START Data records

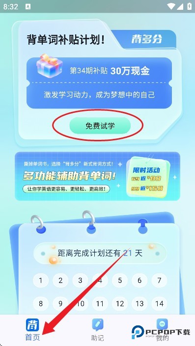 1、启动软件,点击首页【免费试学】按钮,即可开启单词学习之旅;
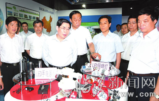 6月22日至23日,省委書記袁純清深入我市檢查指導工作。他強調,面對轉型發展、跨越發展的繁重任務,要提振精神,鼓足干勁,以昂揚向上的面貌,干事創業的姿態,勤政廉政的作風,加快推進臨汾新型工業大市建設。省委常委、省委秘書長高建民一同檢查。省委副秘書長張瑞鵬,省委宣傳部常務副部長楊波,省發展和改革委員會主任李寶卿,省經濟和信息化委員會主任洪發科,省農業廳廳長孫連珠隨同檢查。市領導謝海、羅清宇、王文英,市長助理、市公安局局長安占功陪同。市委常委、副市長趙建民,臨汾經濟技術開發區黨工委書記林澤忠,管委會主任尚日紅,侯馬經濟技術開發區管委會主任李山林,黨工委書記張如意分別陪同。圖為省委書記袁純清在光宇電源有限公司檢查指導工作。 本報記者 李虎威 攝
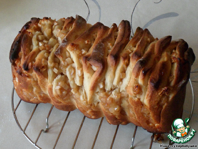 Выпекать при 180*С в течение 45-50 минут до появления красивой румяной корочки. Готовый пирог вынуть из духовки, дать ему немного отдохнуть, а затем извлечь из формы.
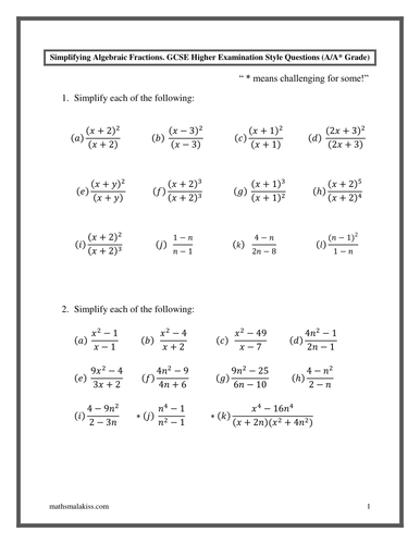 Simplifying Algebraic Fractions Worksheet With Answers Tes
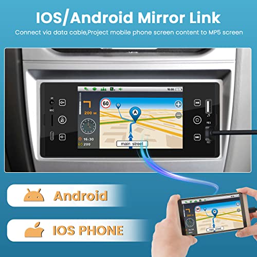 Mirror Link: La autoradio Bluetooth supporta Mirror Link per iOS/Andoid. Collegate il vostro telefono tramite il cavo USB originale e sincronizzate le pagine del vostro telefono con lo schermo dell'autoradio per visualizzare informazioni, navigare, ascoltare musica e altro ancora.
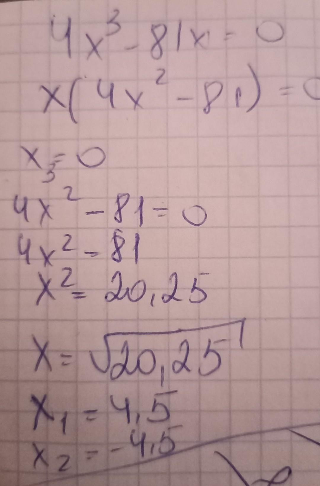 x = 0 или 2x - 9 = 0 или 2x + 9 = 0
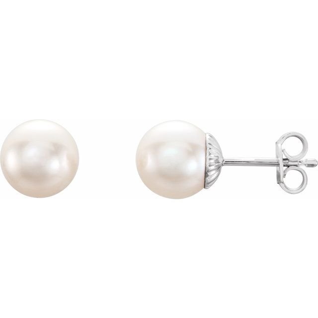 Sterling Silver 8-8.5 Mm Cultured White Freshwater Pearl Earrings
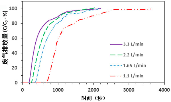 本研究還使用基于數(shù)據(jù)坑的活性炭研究了氣體流速對氨吸附的影響。圖3提供了1.1至3.3 L/min的氣體流速的相應結果。通常,氨氣流量的逐漸增加也會導致相應的穿透時間和排氣時間響應逐漸減少(圖3)。例如,流量為1.1、1.65、2.2和3.3 L/min時的突破時間分別為712、383、272和197 min(圖3)。因此,較高的突破時間值在較低的氨氣流速下蒸發(fā)。此外,對于1.1、1.65、2.2和3.3 L/min流量研究,還分別記錄了2312、1673、1315和1213分鐘的排氣時間。這類似于上述突破時間趨勢,可以解釋如下。在較低的流入氣體流速下,氨分子從氣相到活性炭表面的傳質(zhì)速率也相對較小。因此,與較高氣體流速下的活性炭表面部位相比,單位時間內(nèi)所占據(jù)的活性炭表面部位也更少,產(chǎn)生更高的穿透時間和耗竭時間響應(圖3)。這些發(fā)現(xiàn)對于實際應用尤其重要。

END Data records

Exactly the lines from the one containing "Mirror Link: La" to the final line of the entries are wanted; please write them out, both ends included, but not the pictures.

 Mirror Link: La autoradio Bluetooth supporta Mirror Link per iOS/Andoid. Collegate il vostro telefono tramite il cavo USB originale e sincronizzate le pagine del vostro telefono con lo schermo dell'autoradio per visualizzare informazioni, navigare, ascoltare musica e altro ancora.
 x = 0 или 2x - 9 = 0 или 2x + 9 = 0
 Sterling Silver 8-8.5 Mm Cultured White Freshwater Pearl Earrings
 本研究還使用基于數(shù)據(jù)坑的活性炭研究了氣體流速對氨吸附的影響。圖3提供了1.1至3.3 L/min的氣體流速的相應結果。通常,氨氣流量的逐漸增加也會導致相應的穿透時間和排氣時間響應逐漸減少(圖3)。例如,流量為1.1、1.65、2.2和3.3 L/min時的突破時間分別為712、383、272和197 min(圖3)。因此,較高的突破時間值在較低的氨氣流速下蒸發(fā)。此外,對于1.1、1.65、2.2和3.3 L/min流量研究,還分別記錄了2312、1673、1315和1213分鐘的排氣時間。這類似于上述突破時間趨勢,可以解釋如下。在較低的流入氣體流速下,氨分子從氣相到活性炭表面的傳質(zhì)速率也相對較小。因此,與較高氣體流速下的活性炭表面部位相比,單位時間內(nèi)所占據(jù)的活性炭表面部位也更少,產(chǎn)生更高的穿透時間和耗竭時間響應(圖3)。這些發(fā)現(xiàn)對于實際應用尤其重要。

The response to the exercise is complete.